**WHAT THE TASK REQUIRES**: The needed output is the run of lines below from the one containing "Kulcsszavak: Tűzőkapocs - 1,2" through the one containing "09.03.2021 Salı günü", copied exactly and free of pictures.

**DATA FOR THIS TASK**:
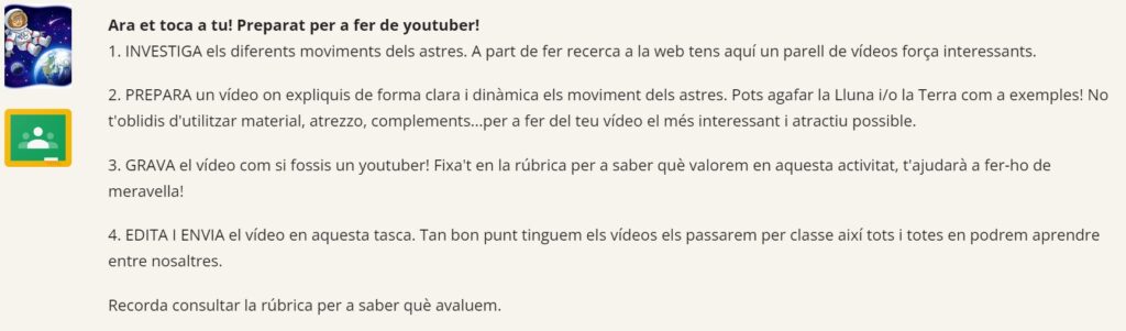 Així que aquests dies estan ben enfeinats fent recerca, preparant guions, buscant imatges i vídeos i, fins i tot, construint maquetes per a fer-se youtubers científics i editar un vídeo que han de lliurar el 19 d’octubre. Els voleu acompanyar?
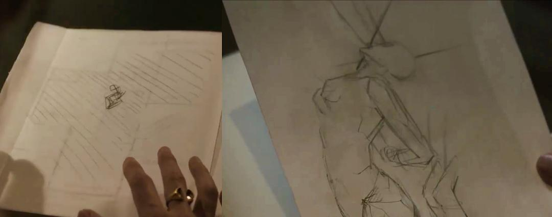 女主越看越难过,她激动地收拾起丈夫的遗物。这时她发现了当年建造房屋的图纸,画有镜面房的图样(标记:Reverse floorplan),还有一些女主看起来匪夷所思的笔记:
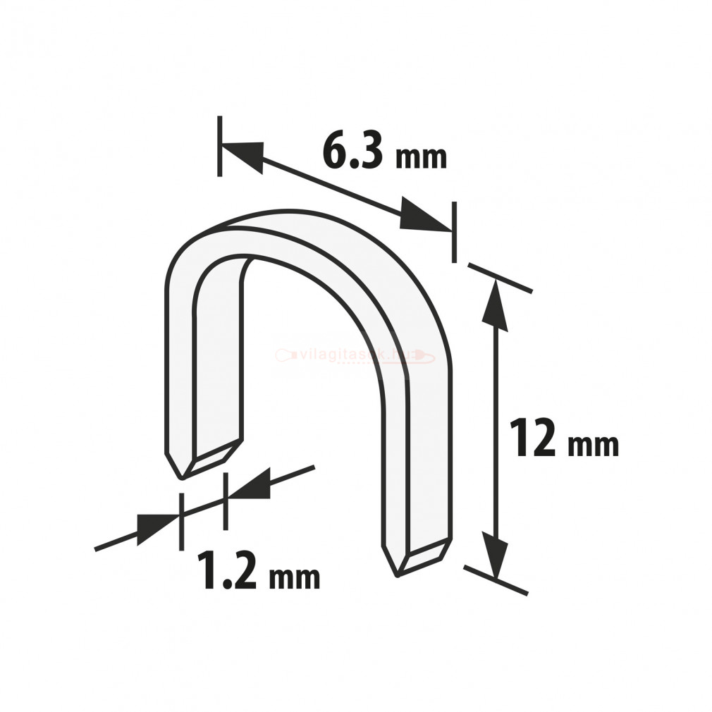 Kulcsszavak: Tűzőkapocs - 1,2 x 6,3 x 12 mm - 1000 db, minőségi termék, univerzális megoldás
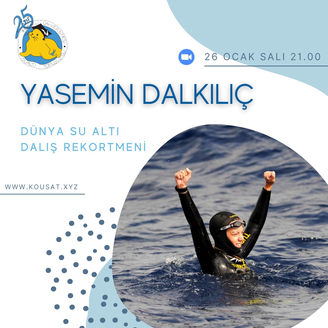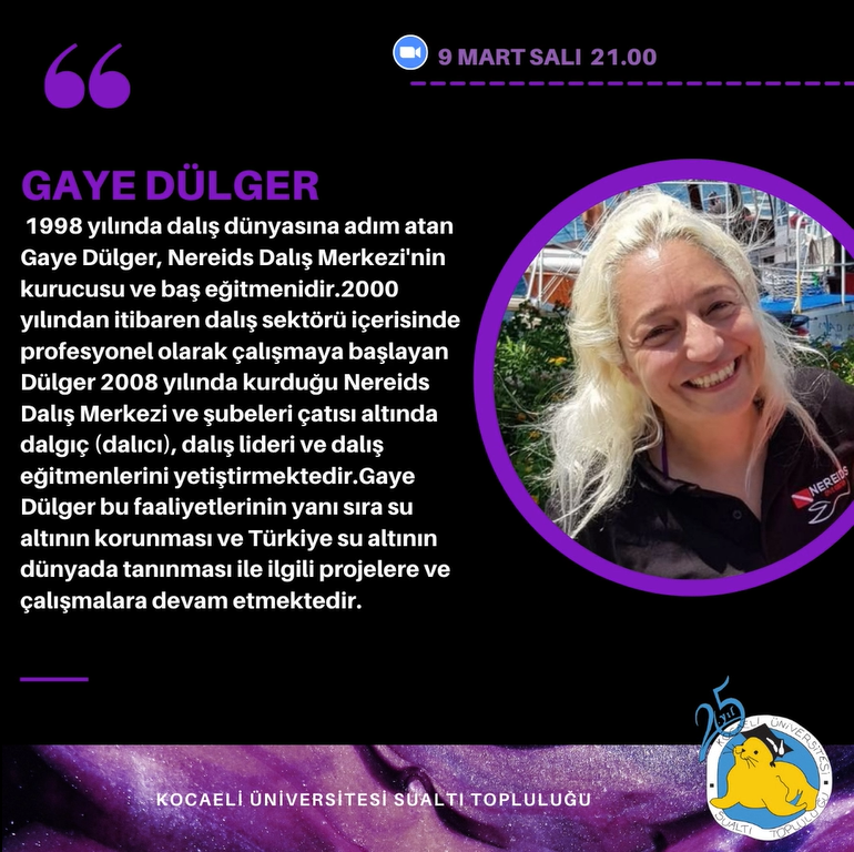 09.03.2021 Salı günü saat 21.00'da Dalış Eğitmen Eğitmeni ve Dalsın Kızlar Projesi Lideri Gaye Dülger ile "Dalış ve Kadın" konulu bir zoom toplantısı gerçekleştireceğiz.
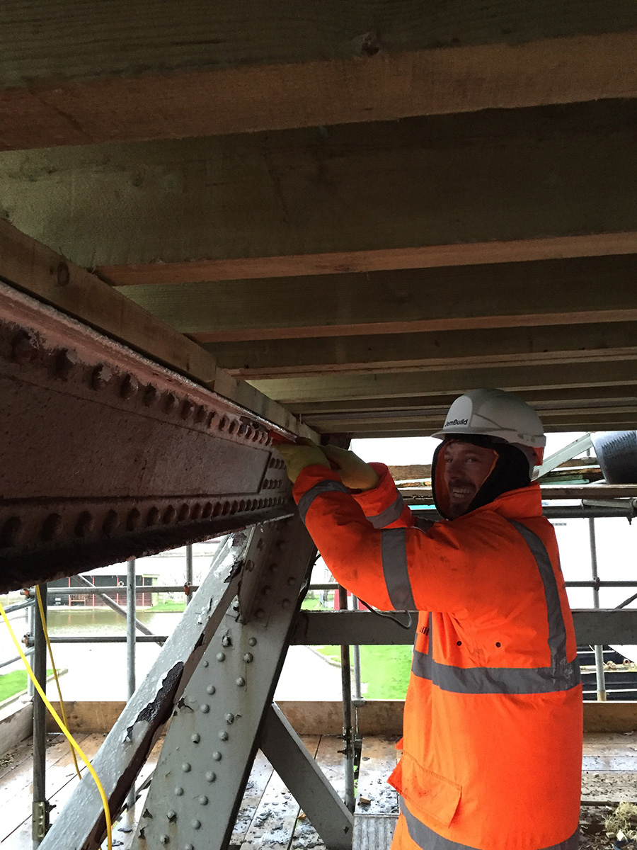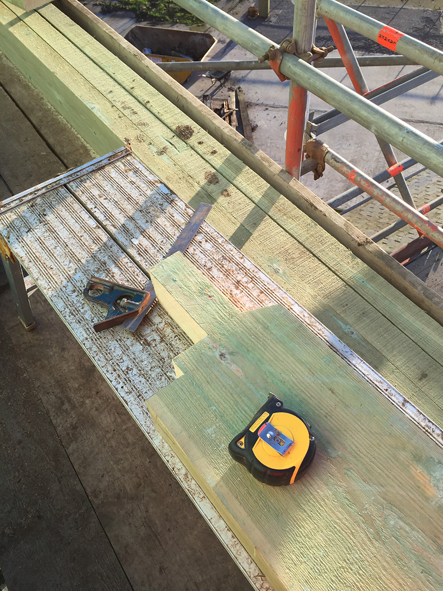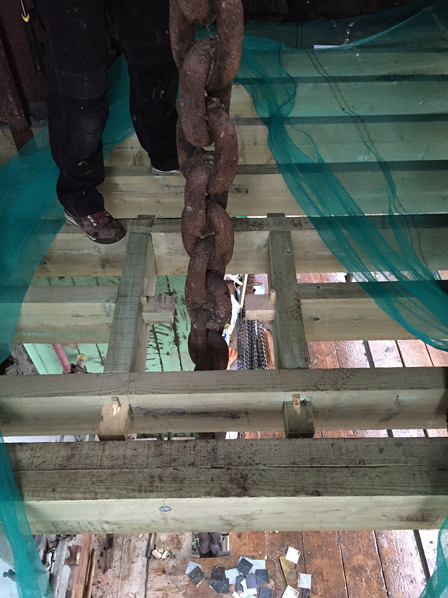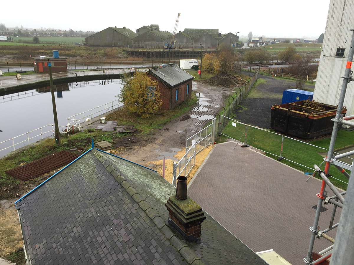 JemBuild are pleased to have been awarded this interesting restoration project in the Port of Goole on this Grade 2 listed Boat Hoist building. Works comprised of an extensive scaffolding design and erection offering access to the 8.5m high platform level to facilitate the removal of existing rotten timber joists, the installation of new timber joists, walkway and handrails. All works carried out utilising traditional joinery methods, including Mortice and Tusk Tenons to the joists and handrails. Works have been monitored by ABP and English Heritage and we are currently awaiting approval to commence with additional cladding and flooring works, which will replace floor joists and floor boards to the 2nd floor within the hoist, some 15m above ground level and also replacement of timber cladding to the inclined façade, approximately 25m high.

**OUTPUT**:
 Kulcsszavak: Tűzőkapocs - 1,2 x 6,3 x 12 mm - 1000 db, minőségi termék, univerzális megoldás
 09.03.2021 Salı günü saat 21.00'da Dalış Eğitmen Eğitmeni ve Dalsın Kızlar Projesi Lideri Gaye Dülger ile "Dalış ve Kadın" konulu bir zoom toplantısı gerçekleştireceğiz.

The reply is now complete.